As we reported yesterday, a meeting of the State Lands Commission in Los Angeles turned angry when a governor’s appointee accused DWP of failure to deal with environmental concerns over an experimental way to clean up dry lake dust called moat and row – high rows of dirt. The State officials said they are bound to uphold natural visuals, not squares of dirt, for the state’s public.

Schade said that he told officials clean air is the most important public trust value at the lake. He said he chastised everyone to move on. “I’m not willing to let our air quality suffer,” said Schade.

The Air Pollution Control Director explained that the District and the Air Resources Board okayed the moat and row method of controlling dust. If it doesn’t work, DWP will have to do something else on 3.5 square miles of project.

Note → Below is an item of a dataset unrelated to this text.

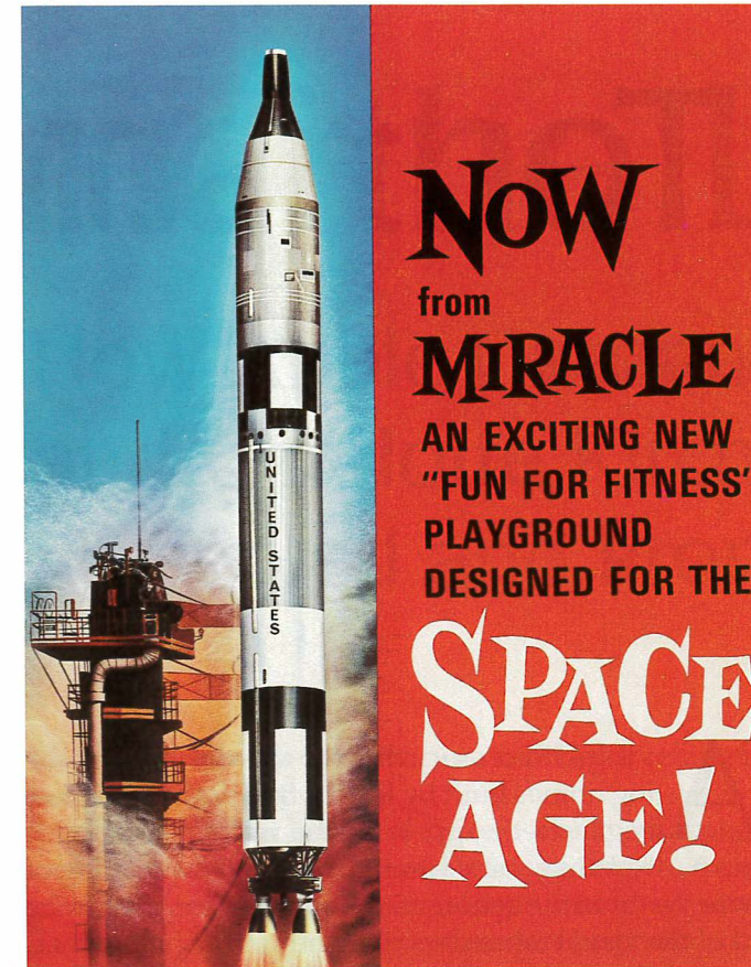
The powerful cover image of a United States rocket launch in one of the company's brochures showcases Miracle's vigorous enthusiasm for space technology's progressive influence.

By early July, the rocket slide sported a fresh coat of paint, new metal mesh fencing along the walkway, and improved traction on its ramp and interior spiral staircase. Its resurrection prompted a grand opening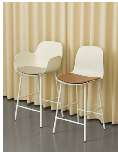
Form bar armchair 65 cm steel with seat cushion, Form bar chair 65 cm steel with seat cushion

But when DWP asked State Lands for an amended lease at the lake bed for the new project, the sparks flew. Inyo Supervisor Linda Arcularius, who said she is from a ranching family, testified that it would be prudent to use moat and row and less water. So did rancher Tom Noland and Agricultural Commissioner George Milovich. DWP has historically leaned on ranch lessees to support their positions.

Chairman of the State Lands Commission, Lt. Governor John Garamendi, advised everyone to work out their differences and come back in October. Garamendi,apparently concerned by the statewide drought, went so far as to say he wants to see no additional water used on the Owens Dry Lake.